After completion of the dropwise addition, the mixture was allowed to react at 105° C. for 6 hours to obtain a solution of an acrylic urethane resin having a mass average molecular weight of 105,000.

(3) Preparation of adhesive composition (1) To 100 parts by mass of the solid content of the following acrylic copolymer (i), which is an adhesive resin, 5.0 parts by mass of the following isocyanate cross-linking agent (i) (solid ratio), diluted with toluene, and uniformly stirred to prepare a pressure-sensitive adhesive composition (1) having a solid content concentration (active ingredient concentration) of 25% by mass.
-Acrylic copolymer (i): 2-ethylhexyl acrylate (2EHA)/2-hydroxyethyl acrylate (HEA) = 80.0/20.0 (mass ratio) having structural units derived from raw material monomers, Acrylic copolymer with a mass average molecular weight of 600,000.
· Isocyanate cross-linking agent (i): manufactured by Tosoh Corporation, product name "Coronate L", solid content concentration: 75% by mass.

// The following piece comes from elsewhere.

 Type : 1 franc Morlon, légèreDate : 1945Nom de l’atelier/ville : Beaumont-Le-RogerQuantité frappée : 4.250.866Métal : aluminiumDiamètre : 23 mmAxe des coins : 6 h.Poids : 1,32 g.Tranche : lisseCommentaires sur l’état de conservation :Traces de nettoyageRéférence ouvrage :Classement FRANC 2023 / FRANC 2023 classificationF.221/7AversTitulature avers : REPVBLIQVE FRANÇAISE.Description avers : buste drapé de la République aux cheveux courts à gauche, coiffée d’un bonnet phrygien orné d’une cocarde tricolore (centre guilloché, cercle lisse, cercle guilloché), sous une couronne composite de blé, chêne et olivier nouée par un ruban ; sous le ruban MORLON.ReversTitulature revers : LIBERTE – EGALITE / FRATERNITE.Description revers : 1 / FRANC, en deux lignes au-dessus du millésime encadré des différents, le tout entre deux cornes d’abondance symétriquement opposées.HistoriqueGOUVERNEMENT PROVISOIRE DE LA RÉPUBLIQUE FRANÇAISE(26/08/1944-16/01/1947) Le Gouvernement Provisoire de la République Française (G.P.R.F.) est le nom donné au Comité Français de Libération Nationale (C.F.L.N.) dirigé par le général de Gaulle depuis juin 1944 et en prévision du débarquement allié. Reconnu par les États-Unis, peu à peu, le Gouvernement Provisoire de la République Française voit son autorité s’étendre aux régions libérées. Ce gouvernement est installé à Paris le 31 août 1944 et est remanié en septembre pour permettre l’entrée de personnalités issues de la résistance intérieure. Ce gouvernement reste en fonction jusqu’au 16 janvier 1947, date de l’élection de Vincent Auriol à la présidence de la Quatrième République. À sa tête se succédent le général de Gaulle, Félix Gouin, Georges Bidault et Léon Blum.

(4) Preparation of adhesive composition (2) To 100 parts by mass of the solid content of the following acrylic copolymer (i), which is an adhesive resin, 5.0 parts by mass of the following isocyanate cross-linking agent (i) (solid ratio), diluted with toluene, and uniformly stirred to prepare a pressure-sensitive adhesive composition (2) having a solid content concentration (active ingredient concentration) of 25% by mass.
-Acrylic copolymer (i): 2-ethylhexyl acrylate (2EHA)/2-hydroxyethyl acrylate (HEA) = 80.0/20.0 (mass ratio) having structural units derived from raw material monomers, Acrylic copolymer with a mass average molecular weight of 600,000.
· Isocyanate cross-linking agent (i): manufactured by Tosoh Corporation, product name "Coronate L", solid content concentration: 75% by mass.

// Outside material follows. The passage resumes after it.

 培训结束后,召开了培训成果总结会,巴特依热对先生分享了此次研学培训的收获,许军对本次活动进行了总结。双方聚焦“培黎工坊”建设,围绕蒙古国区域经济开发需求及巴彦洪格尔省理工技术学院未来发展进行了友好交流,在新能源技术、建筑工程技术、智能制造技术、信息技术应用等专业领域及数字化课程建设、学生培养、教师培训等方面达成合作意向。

(5) Formation of adhesive layer (1) The adhesive composition (1) prepared in Production Example 3 (1) is applied to the surface of the release layer of the light release film to form a coating film. The coating film was dried at 100° C. for 60 seconds to form a pressure-sensitive adhesive layer (1) having a thickness of 5 μm.
(6) Formation of adhesive layer (2) The surface of the release layer of the heavy release film is coated with the adhesive composition (2) prepared in Production Example 3 (2) to form a coating film. The coating film was dried at 100° C. for 60 seconds to form a pressure-sensitive adhesive layer (2) having a thickness of 10 μm.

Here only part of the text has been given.